STX has posted an average earnings miss of -11.59% over the past four quarters. Consistently missing earnings estimates by that a wide of a margin is a recipe for stock price underperformance.
Analysts have been revising earnings estimates downward as of late. For the current quarter, estimates have been slashed -74.8% over the past 30 days. The fiscal Q2 Zacks Consensus EPS Estimate now stands at $0.32/share, translating to a -86.72% earnings regression relative to the same quarter last year.

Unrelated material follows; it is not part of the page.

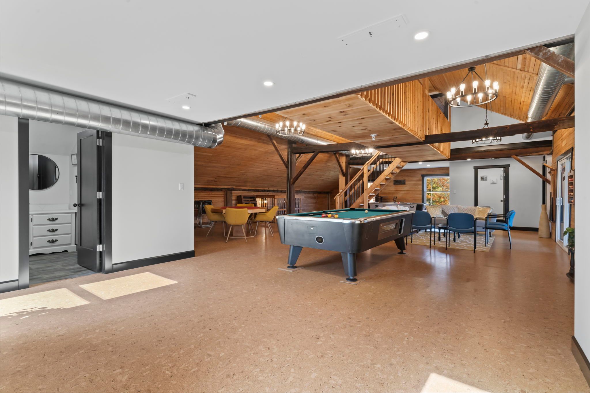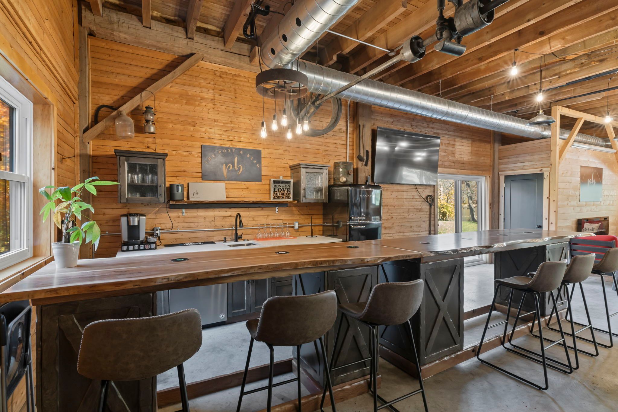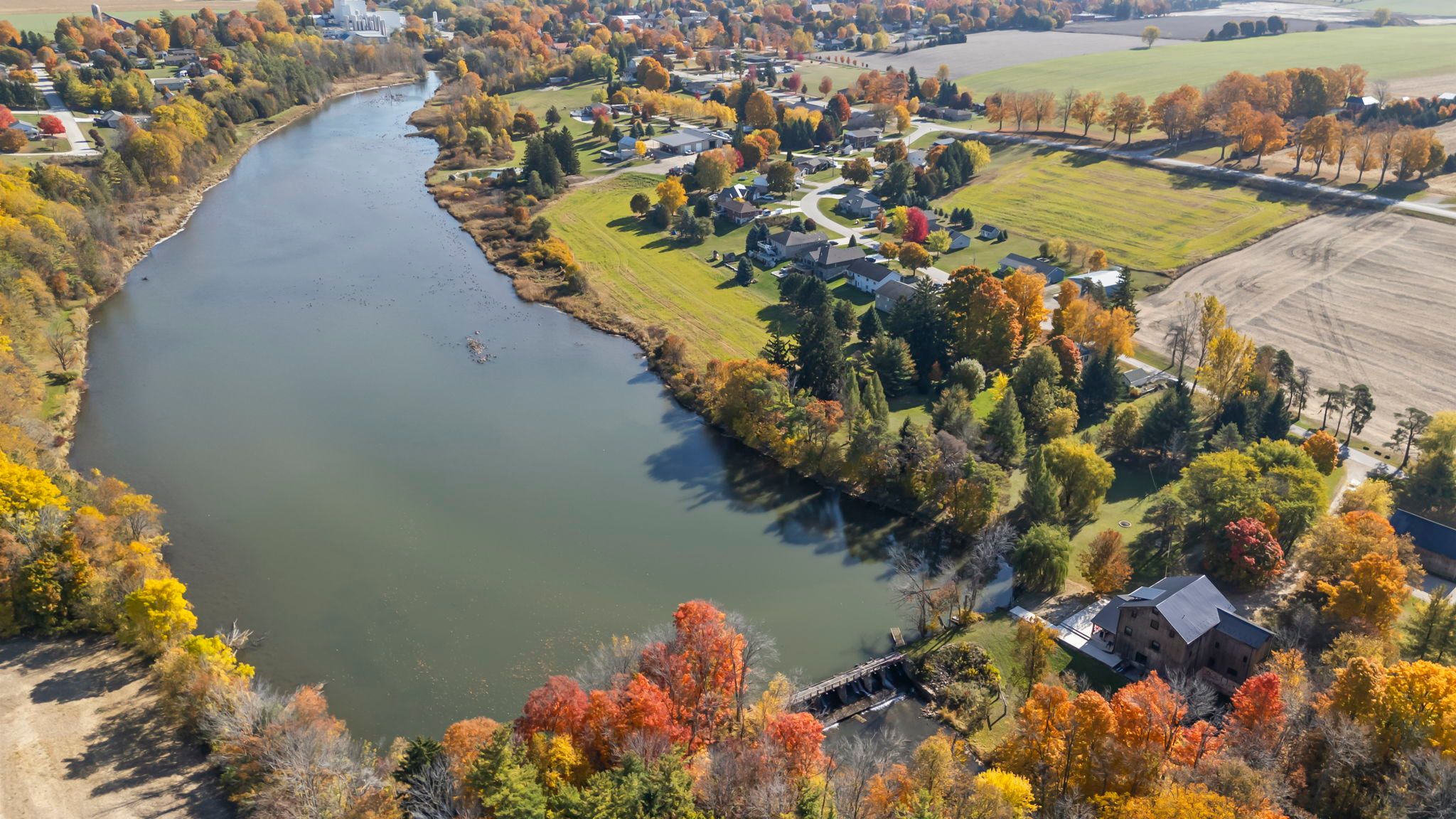 Impeccably restored 19th-century mill, secluded at the end of a quiet street. Set on a 7-acre estate and bordered by a 14-acre private pond, this property promises privacy and tranquillity. Originally built in 1888, the mill blends historic character with modern luxury, boasting over 8,000 sq ft of living space, including outdoor entertaining areas, 10 spacious bedrooms, and 8 beautifully updated ensuites. This home underwent a top-to-bottom renovation in 2021, preserving its historic charm while incorporating high-end finishes and state-of-the-art upgrades. The remodel includes all-new doors, windows, roofing, plumbing, electrical, and heating and cooling systems. Each level of the home is independently climate-controlled with its own furnace and a/c system, ensuring comfort year-round. An artesian well and water treatment facility provide premium water quality. The kitchen is designed for culinary enthusiasts, featuring a 10-foot island with quartz countertops and new stainless-steel appliances. The main floor is an entertainers paradise, offering a social area with an 18-foot wet bar. The second floor is equally impressive, housing four king-sized bedrooms, a cozy lounge area, a second wet bar, and soft cork flooring throughout. This floor also includes a family suite with two additional bedrooms and laundry facilities for added convenience. The third floor is where youll find more breathtaking viewsa private balcony offers a scenic overlook of the pond, complete with water rights to feed your own hydro-generating dam. This floor includes four additional bedrooms, two full bathrooms, and a recreational area perfect for billiards, air hockey, or simply unwinding in the lounge. A lengthy driveway and spacious parking area can easily accommodate up to 30 vehicles, while the sizeable barn and workshop provide extra storage for recreational equipment. Furnished and move-in ready, this estate offers an unmatched blend of history, elegance, and modern comfort.

Image Source: Zacks Investment Research
Technical Outlook
STX stock has been steadily falling since late last year and has now established a well-defined downtrend. Notice how both the 50-day (blue line) and 200-day (red line) moving averages are sloping down. Shares have declined more than 45% in the past year. The stock continues to trade below both averages – another bearish sign.
Image Source: StockCharts
While not the most accurate indicator, STX has also experienced what is known as a ‘death cross’, wherein the stock’s 50-day moving average crosses below its 200-day moving average. STX would have to make a serious move to the upside and show increasing earnings estimate revisions to warrant taking any long positions in the stock.
Final Thoughts
The recent earnings misses in addition to deteriorating estimates are both huge red flags and need to be respected. These will likely serve as a ceiling to any potential rallies, nurturing the stock’s downtrend.
STX’s characteristics have resulted in a Zacks Momentum Style Score of ‘C’, indicating further downside is likely. The fact that STX is included in a bottom-performing sector simply adds to the growing list of concerns. Investors will want to steer clear of STX until the situation shows major signs of improvement, or possibly include it as part of a hedge or short strategy.